The only time I would use explicitly numbered repetition is when the repetition is greater than 1:
{2}
{2,}
{2,4}
I tend to prefer these especially when the repeated pattern is more than a few characters. If you have to match 3 numbers, some people like to write:
\d\d\d
but I would rather write\d{3}
since it emphasizes the number of repetitions involved. Furthermore, down the road if that number ever needs to change, I only need to change{3}
to{n}
and not re-parse the regex in my head or worry about messing it up; it requires less mental effort.If that criteria isn't met, I prefer the shorthand. Using the "explicit" notation quickly clutters up the pattern and makes it hard to read. I've worked on a project where some developers didn't know regex too well (it's not exactly everyone's favorite topic) and I saw a lot of
{1}
and{0,1}
occurrences. A few people would ask me to code review their pattern and that's when I would suggest changing those occurrences to shorthand notation and save space and, IMO, improve readability.我可以看出,如果您有一个执行大量有界重复的正则表达式,那么为了可读性,您可能希望一致使用
{n,m}
形式。例如:但我不记得在现实生活中见过这样的案例。当我看到问题中使用
{0,1}
、{0,}
或{1,}
时,实际上总是会这样做出于无知。而在回答此类问题的过程中,我们还应该建议他们使用?
、*
或+
来代替。当然,
{1}
纯粹是混乱。有些人似乎有一个模糊的概念,认为它的意思是“唯一的一个”——毕竟,它一定意味着某种东西,对吧?为什么这样一种病态的简洁语言会支持一个占据整个三个字符并且什么也不做的结构?据我所知,它的唯一合法用途是隔离后跟文字数字的反向引用(例如\1{1}0
),但还有其他方法可以做到这一点。I can see how, if you have a regex that does a lot of bounded repetition, you might want to use the
{n,m}
form consistently for readability's sake. For example:But I can't recall ever seeing such a case in real life. When I see
{0,1}
,{0,}
or{1,}
being used in a question, it's virtually always being done out of ignorance. And in the process of answering such a question, we should also suggest that they use the?
,*
or+
instead.And of course,
{1}
is pure clutter. Some people seem to have a vague notion that it means "one and only one"--after all, it must mean something, right? Why would such a pathologically terse language support a construct that takes up a whole three characters and does nothing at all? Its only legitimate use that I know of is to isolate a backreference that's followed by a literal digit (e.g.\1{1}0
), but there are other ways to do that.除非您使用特殊的正则表达式引擎,否则它们都是相同的。但是,并非所有正则表达式引擎都支持编号重复、
?
或+
。如果它们全部可用,我会使用字符而不是数字,只是因为它对我来说更直观。
如果它们全部可用,
They're all identical unless you're using an exceptional regex engine. However, not all regex engines support numbered repetition,
?
or+
.If all of them are available, I'd use characters rather than numbers, simply because it's more intuitive for me.
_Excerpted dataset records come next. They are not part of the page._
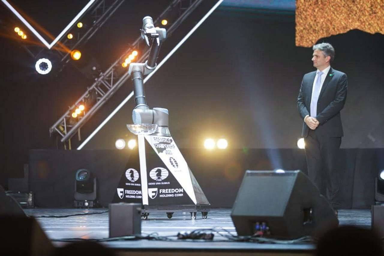"Церемония завершилась жеребьёвкой, и к ней организаторы подошли нетрадиционно: цвет фигур, которыми шахматисты будут играть в первом матче, определил специальный робот. До 1 мая ведущие шахматисты планеты, Ян Непомнящий и Дин Лижэнь, будут бороться за звание абсолютного чемпиона мира.", – сообщил министр.
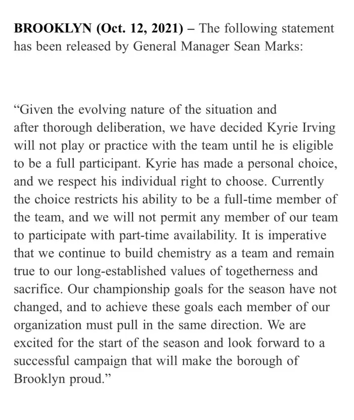 篮网总经理马克斯解释了一些细节“欧文已经明确地做出了自己的选择,我们完全尊重他的选择权,现在的这个决定则是对球队来说最好的一条路。决定是我和蔡崇信一起做的,之前与哈登、杜兰特进行了讨论沟通。我们还是希望,欧文能在某个时间点接种疫苗,然后回归球队。”
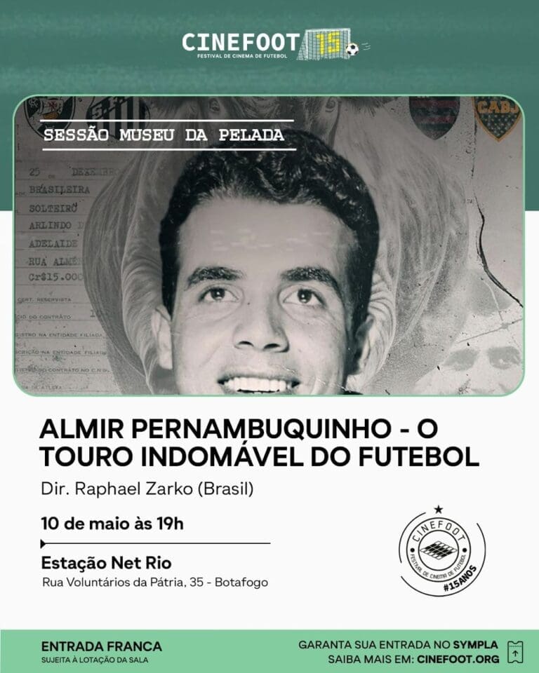 CineFoot exibirá filme sobre Almir Pernambuquinho, ícone do Vasco nos anos 50, neste sábado às 19h em Botafogo. quinta-feira, 08/05/2025 às 13:10 — Em Últimas notícias
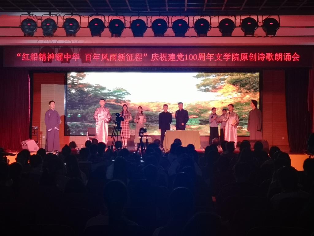 (通讯员 欧警安)为庆祝中国共产党成立100周年,推动党史学习教育深入开展,做到学史明理、学史增信、学史崇德、学史力行,6月21日晚,文学院在江边活动中心举办“红船精神耀中华 百年风雨新征程”——庆祝建党一百周年文学院原创诗歌朗诵会。校党委副书记周俊武出席朗诵会。
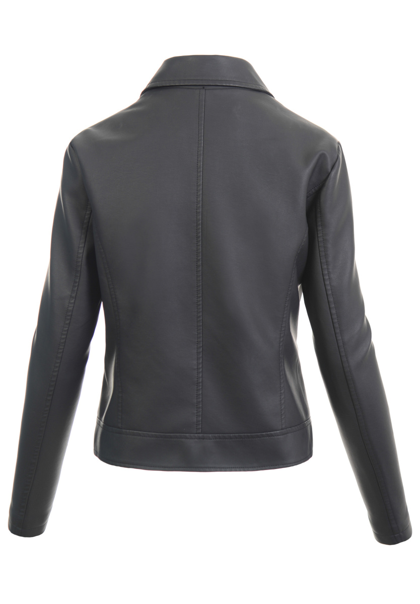 Piękna damska ramoneska. Kolor czarny. Kurtka wykonana z bardzo dobrej jakości ekoskóry. Zapinana jest na ukośny suwak. Po bokach znajdują się dwie kieszenie zapinane na suwak. Dodatkowo na piersi znajduje się atrapa kieszeni zapinana na suwak. Ramoneska idealnie sprawdza się dla osób ceniących sobie wygodę oraz elegancję. Taliowany krój ramoneski podkreśla talię i kobiece kształty.

它们是等效的(并且您可以通过测试您的上下文来了解它们是否可用。)
我预计的问题是您可能不是唯一需要使用您的代码的人。
正则表达式对于大多数人来说已经足够困难了。每当有人使用不寻常的语法时,问题
出现:“他们为什么不按照标准方式做?他们认为我错过了什么?”
They're equivalent (and you'll find out if they're available by testing your context.)
The problem I'd anticipate is when you may not be the only person ever needing to work with your code.
Regexes are difficult enough for most people. Anytime someone uses an unusual syntax, the question
arises: "Why didn't they do it the standard way? What were they thinking that I'm missing?"